Con esas ideas, llegó al papado. Con ellas bendijo a Nicolás Maduro; con las mismas criticó a Donald Trump.
Caminos opuestos
En Delirio americano, un ensayo ambicioso sobre la historia cultural y política de América latina, el colombiano Carlos Granés sostiene que la obra de Borges sólo se entiende por su decepción con el rumbo que tomó el nacionalismo popular en Argentina. Empezó a vaciar sus letras del criollismo temprano, renegó de la tradición patriotera.

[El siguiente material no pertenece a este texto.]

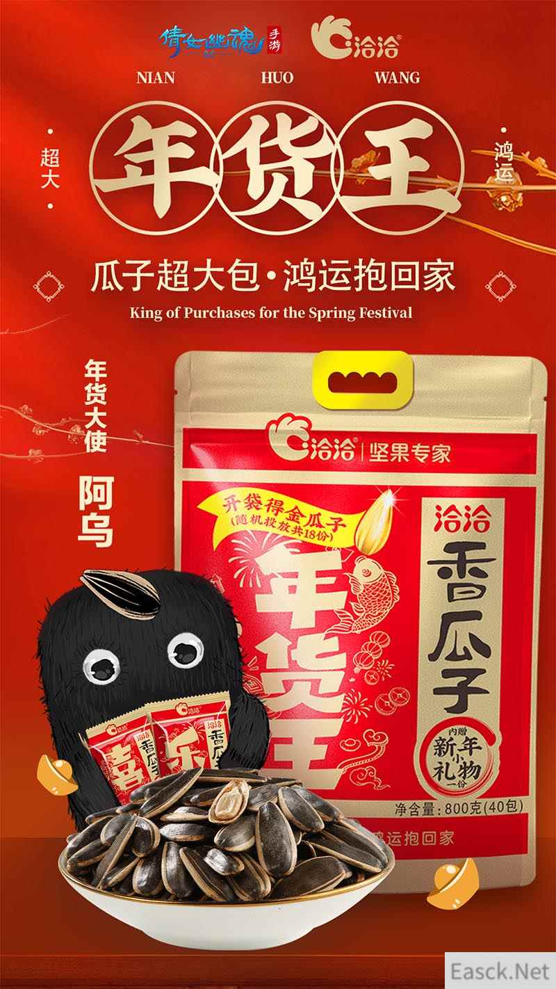 【倩女幽魂手游x洽洽食品,年味共享快乐加倍】 倩女幽魂手游联动【洽洽食品】,逢此新春之际为小伙伴们带来新春联动限量瓜子礼包,带你复“嗑”记忆中的精彩年味!春节期间,将有6666份【洽洽瓜子鸿运礼包】在游戏内限时掉落!玩家上线参与春节节日活动,即有机会被超大份瓜子礼包砸中。每份瓜子礼包共含800g熟制葵瓜子,整整40包独立包装的洽洽瓜子抱回家!新年交好运,年味“嗑”出来!

La ideología es, a fin de cuentas, la forma más evidente de la ficción política. Borges se dedicó a explorar los umbrales entre lo real y lo ficticio hasta imaginar un universo inexistente, reseñado en una enciclopedia que se confundía con el mundo real hasta reemplazarlo.

Bergoglio eligió el camino opuesto. Encontró en la teología del pueblo la consagración evangélica de la polarización entre pueblo y oligarquía. Eso que Ernesto Laclau bendecía desde la cátedra laica. Una enseñanza, explica Granés, que “no advertía de los enormes males que se gestaban al dividir a las sociedades. Al contrario, señalaba que no había otra forma de entrar en una contienda electoral; eso era lo que definía lo político”.
Al fallecer Bergoglio, asistió a su funeral el presidente Javier Milei. Una nueva versión de la misma convicción populista. De una vertiente distinta, pero que también recurre al melodrama como ideología para oponer la dignidad de los excluidos por el festín de la casta. Porque, aunque el rumbo económico sea bien diferente, en política sigue siendo rentable la fabricación de la víctima. Ser víctima blinda contra las críticas, otorga la razón perpetua.
El Presidente cree que todavía no existe suficiente odio para castigar a sus críticos. ¿Cuánto odio sería suficiente? Sus defensores dicen, sin ruborizarse, que no existe asimetría entre el palacio y el llano. Que eso justifica a Milei, el adánico que refunda el país, para ser el cainita que insulta, porque es víctima.
No hay por qué sorprenderse con esa geometría. Simétrico en ese universo imaginario es Santiago Caputo, que según Milei tiene más poder que el jefe de todos los ministros, Guillermo Francos. Pero la realidad es autónoma de esa caprichosa imaginería; la asimetría es condición constitutiva del poder.
En el infierno de Dante conviven en el quinto círculo los iracundos y los perezosos. Un hallazgo florentino: los que insultan y agravian pueden convivir con la desidia. Nunca con la disidencia.